Data to examine section start

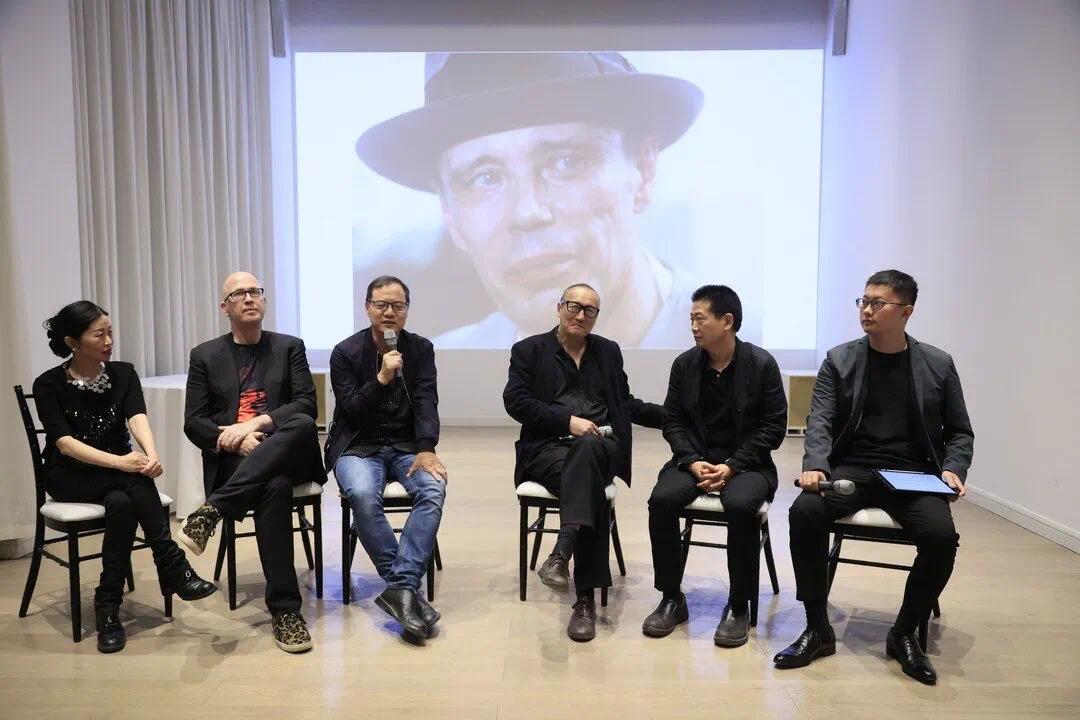 凤凰艺术联合创始人、副总裁、总编辑、凤凰中心馆长、本次展览策展人肖戈,美国匹兹堡大学荣休教授、艺术理论家和策展人高名潞,整策师、艺评人、艺术家、电影制作人、电影导演陆蓉之,天津美术学院院长、艺术家、评论家、博伊斯研究中心(中国)主席邱志杰,博伊斯研究中心(中国)主任、本次展览策展人乔纳斯·斯坦普(Jonas Stampe)以及著名艺术家、中央美术学院教授缪晓春,著名艺术家宋冬、尹秀珍的对话环节,成为展览的亮点之一。他们从不同文化背景出发,探讨了博伊斯的艺术哲学与社会理念,观众们纷纷围观,热烈互动。这不仅加深了对博伊斯思想的理解,也促进了中西方艺术交流的深入发展。
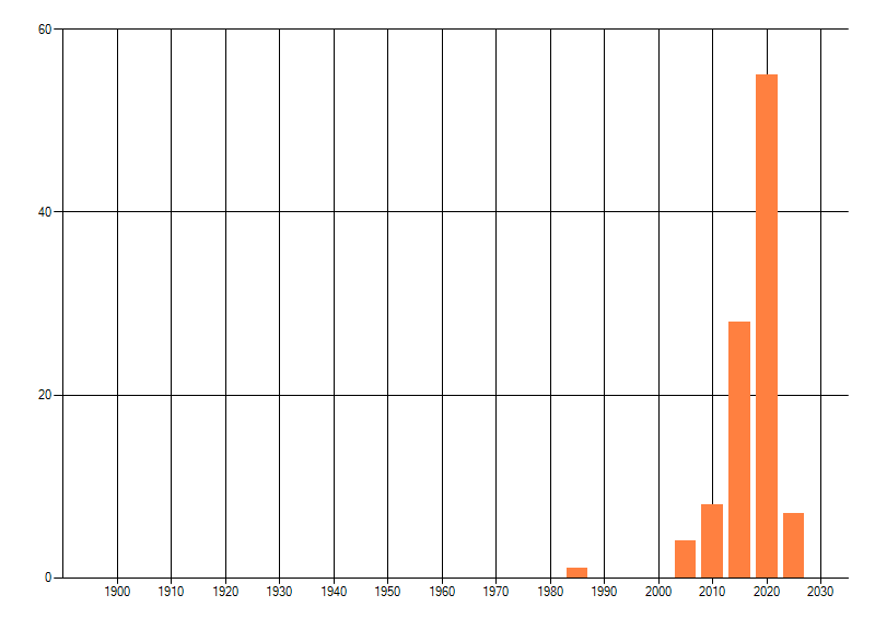 Het aantal atlasblokken (5x5 km) waarin de soort is gemeld binnen een periode van vijf jaar (vanaf 1980) of twintig jaar. Niet gecorrigeerd voor waarnemersinspanning en het aantal doorgegeven waarnemingen kan sterk variëren per periode, dus een trend in verspreiding kan hier niet direct uit worden afgelezen. Het opgegeven jaartal is het eerste jaar van de periode. Bron: gevalideerde waarnemingen uit de NDFF.
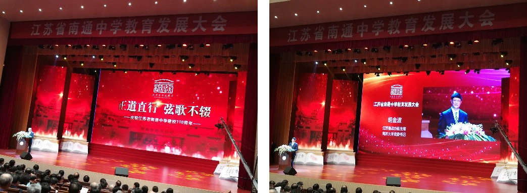 发展大会以“正道直行 弦歌不辍”为主题,在嘹亮的国歌声中拉开了序幕。大会分为发展大会及庆典演出两部分,分别邀请南通中学杰出校友、离退休老教师代表及在校师生共同呈现精彩节目,献礼南通中学110周年华诞。南通中学向学校老教师颁发百十校庆纪念奖杯,并在合唱《通中》节目中顺便闭幕。
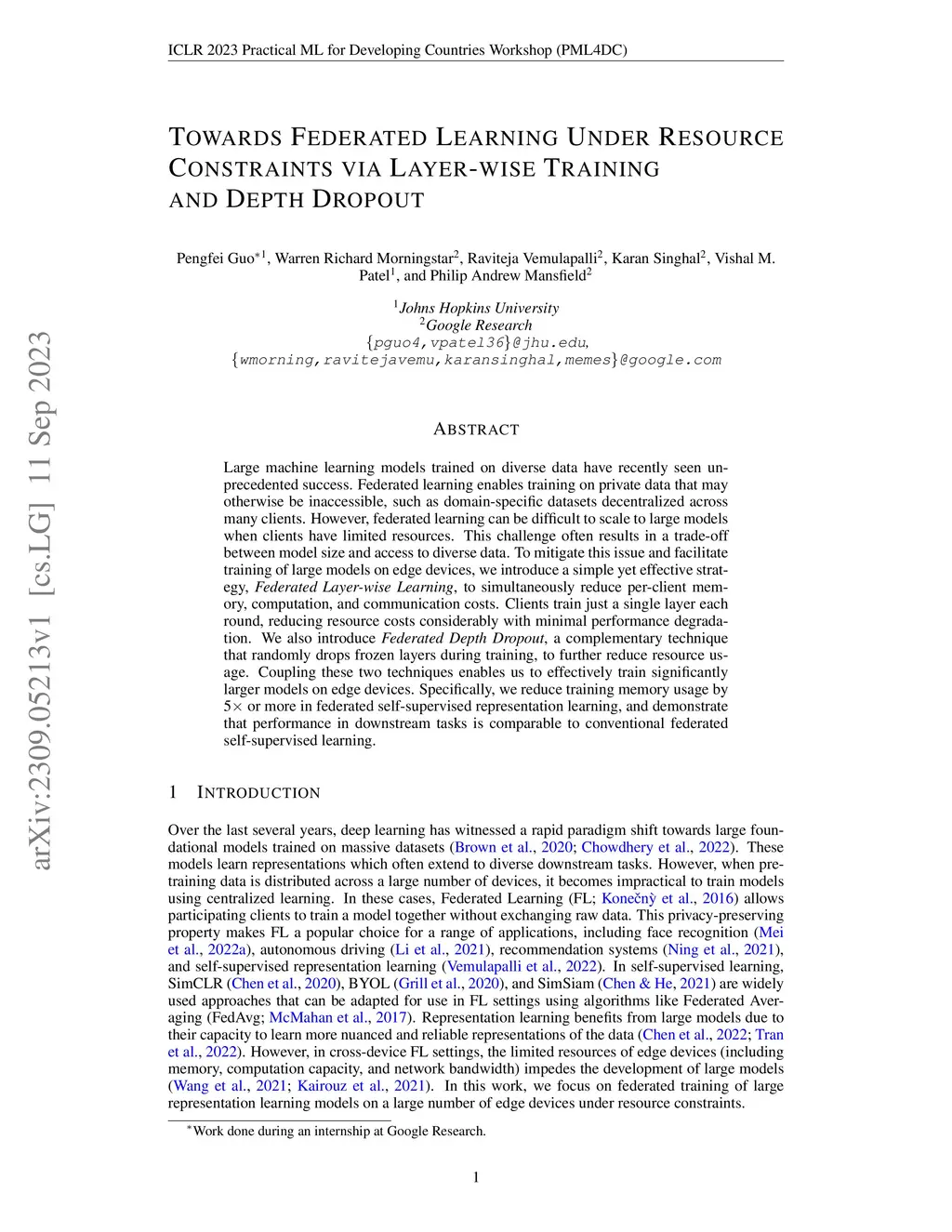 Large machine learning models trained on diverse data have recently seen unprecedented success. Federated learning enables training on private data that may otherwise be inaccessible, such as domain-specific datasets decentralized across many clients. However, federated learning can be difficult to scale to large models when clients have limited resources. This challenge often results in a trade-off between model size and access to diverse data. To mitigate this issue and facilitate training of large models on edge devices, we introduce a simple yet effective strategy, Federated Layer-wise Learning, to simultaneously reduce per-client memory, computation, and communication costs. Clients train just a single layer each round, reducing resource costs considerably with minimal performance degradation. We also introduce Federated Depth Dropout, a complementary technique that randomly drops frozen layers during training, to further reduce resource usage. Coupling these two techniques enables us to effectively train significantly larger models on edge devices. Specifically, we reduce training memory usage by 5x or more in federated self-supervised representation learning and demonstrate that performance in downstream tasks is comparable to conventional federated self-supervised learning.
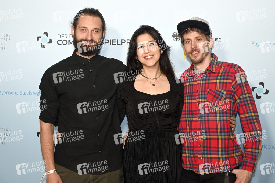 Team von Donausaurus bei der Verleihung des Deutschen Computerspielpreises 2022 in der TonHalle. München, 31.03.2022

Data to examine section end

**What you will do:** Once more, please print all the lines above exactly, without their pictures.

**Response to the task:**
 凤凰艺术联合创始人、副总裁、总编辑、凤凰中心馆长、本次展览策展人肖戈,美国匹兹堡大学荣休教授、艺术理论家和策展人高名潞,整策师、艺评人、艺术家、电影制作人、电影导演陆蓉之,天津美术学院院长、艺术家、评论家、博伊斯研究中心(中国)主席邱志杰,博伊斯研究中心(中国)主任、本次展览策展人乔纳斯·斯坦普(Jonas Stampe)以及著名艺术家、中央美术学院教授缪晓春,著名艺术家宋冬、尹秀珍的对话环节,成为展览的亮点之一。他们从不同文化背景出发,探讨了博伊斯的艺术哲学与社会理念,观众们纷纷围观,热烈互动。这不仅加深了对博伊斯思想的理解,也促进了中西方艺术交流的深入发展。
 Het aantal atlasblokken (5x5 km) waarin de soort is gemeld binnen een periode van vijf jaar (vanaf 1980) of twintig jaar. Niet gecorrigeerd voor waarnemersinspanning en het aantal doorgegeven waarnemingen kan sterk variëren per periode, dus een trend in verspreiding kan hier niet direct uit worden afgelezen. Het opgegeven jaartal is het eerste jaar van de periode. Bron: gevalideerde waarnemingen uit de NDFF.
 发展大会以“正道直行 弦歌不辍”为主题,在嘹亮的国歌声中拉开了序幕。大会分为发展大会及庆典演出两部分,分别邀请南通中学杰出校友、离退休老教师代表及在校师生共同呈现精彩节目,献礼南通中学110周年华诞。南通中学向学校老教师颁发百十校庆纪念奖杯,并在合唱《通中》节目中顺便闭幕。
 Large machine learning models trained on diverse data have recently seen unprecedented success. Federated learning enables training on private data that may otherwise be inaccessible, such as domain-specific datasets decentralized across many clients. However, federated learning can be difficult to scale to large models when clients have limited resources. This challenge often results in a trade-off between model size and access to diverse data. To mitigate this issue and facilitate training of large models on edge devices, we introduce a simple yet effective strategy, Federated Layer-wise Learning, to simultaneously reduce per-client memory, computation, and communication costs. Clients train just a single layer each round, reducing resource costs considerably with minimal performance degradation. We also introduce Federated Depth Dropout, a complementary technique that randomly drops frozen layers during training, to further reduce resource usage. Coupling these two techniques enables us to effectively train significantly larger models on edge devices. Specifically, we reduce training memory usage by 5x or more in federated self-supervised representation learning and demonstrate that performance in downstream tasks is comparable to conventional federated self-supervised learning.
 Team von Donausaurus bei der Verleihung des Deutschen Computerspielpreises 2022 in der TonHalle. München, 31.03.2022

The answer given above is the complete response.